Keep Your Health Plan Under Overhaul? Probably Not, Gov't Analysis Concludes
Internal administration documents reveal that up to 51% of employers may have to relinquish their current health care coverage because of ObamaCare.
Small firms will be even likelier to lose existing plans.
The "midrange estimate is that 66% of small employer plans and 45% of large employer plans will relinquish their grandfathered status by the end of 2013," according to the document.
In the worst-case scenario, 69% of employers — 80% of smaller firms — would lose that status, exposing them to far more provisions under the new health law.
The 83-page document, a joint project of the departments of Health and Human Services, Labor and the IRS, examines the effects that ObamaCare's regulations would have on existing, or "grandfathered," employer-based health care plans.
Draft copies of the document were reportedly leaked to House Republicans during the week and began circulating Friday morning. Rep. Bill Posey, R-Fla., posted it on his Web site Friday afternoon.
"It's been passed around the staffs here on Capitol Hill. Congressman Posey thought it was important enough to share," said spokesman George Cecala.

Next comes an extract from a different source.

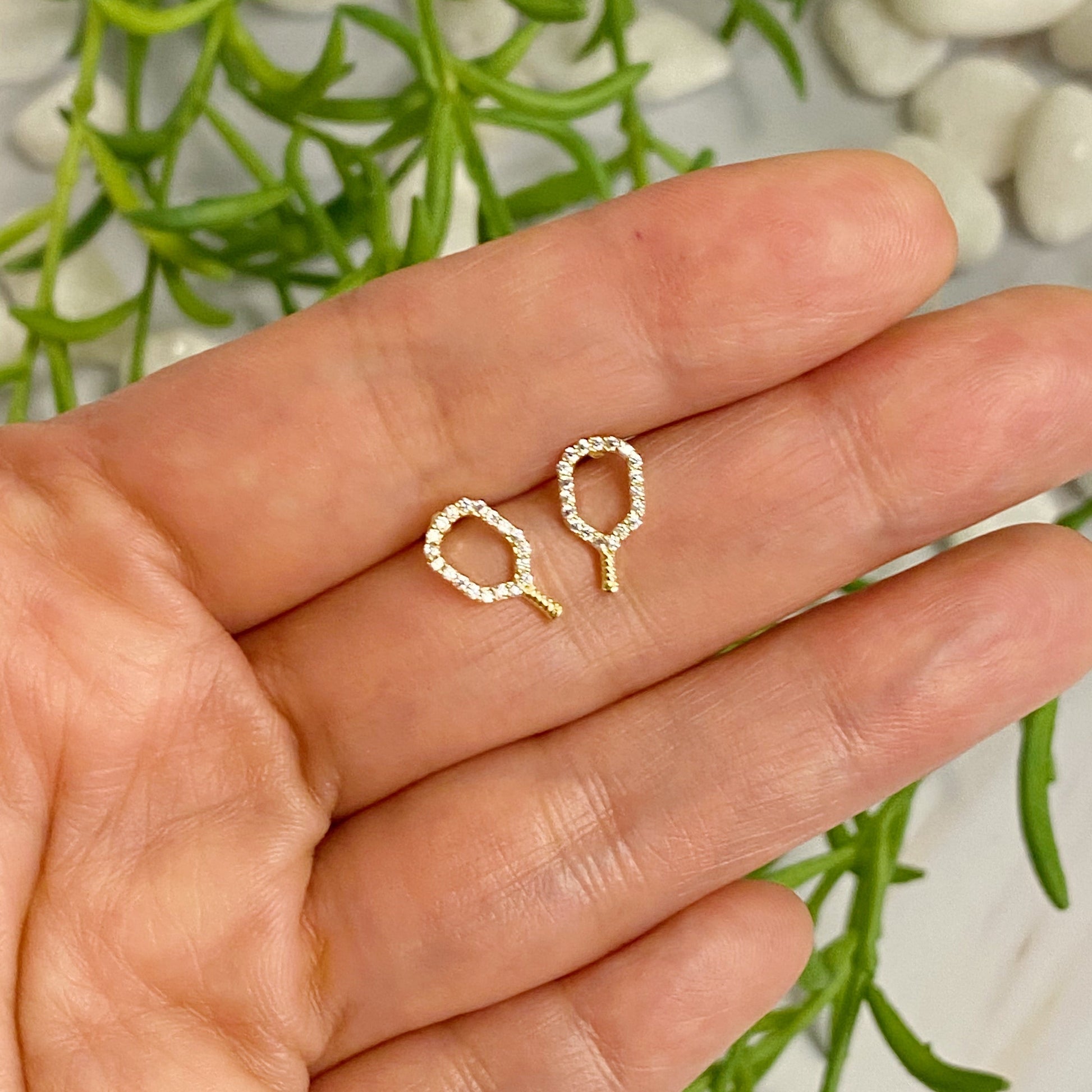 Add a touch of style to your game with our Club Pickleball Earrings, perfect for any pickleball enthusiast. Expertly crafted with a delicate pickleball racket outline, these lightweight and elegant earrings make a subtle yet stylish statement. Their small, simple design compliments any outfit, making them a must-have accessory for pickleball fans.

In a statement, Posey said the document showed that the arguments in favor of ObamaCare were a "bait and switch."
"The president promised repeatedly that people who like their current plans can keep them, but now the details of their plan actually confirm what many suspected all along, most Americans will lose their current health care plan," Posey said.
A White House official told IBD: "This is a draft document, and we will be releasing the final regulation when it is complete. The president made a promise to the American people that if they liked their health care plan, they can keep it. The regulation, when finalized, will uphold that promise."
However, the source conceded: "It is difficult to predict how plans and employers will behave in the coming years, but if plans make changes that negatively impact consumers, then they will lose their grandfather status."
It's unclear how the document leaked out. An HHS spokeswoman confirmed that the department was working on a draft paper about grandfathered plans but said it hasn't been made public yet.
A House Republican staffer said the rumor was that the document had been erroneously posted on the Office of Management and Budget Web site earlier in the week and somebody spotted it before it was taken down. IBD has not been able to confirm this report.
Under the new health law, current employer-based health plans will be grandfathered — that is, they will not have to follow many Obama-Care provisions that take effect on Jan. 1, 2014. These include benefit mandates, caps on out-of-pocket expenses and limits on age-based premiums.
But they forfeit that grandfathered status if they make changes to the plans by 2014. If so, firms may have to adopt new plans or drop coverage and pay the penalty.
No Longer A Grandfather
But the term "grandfathered" is loosely defined by the new law; specifics have been left up to the bureaucracies. One key question is, how much flexibility would employers have in changing their coverage before it is no longer considered grandfathered?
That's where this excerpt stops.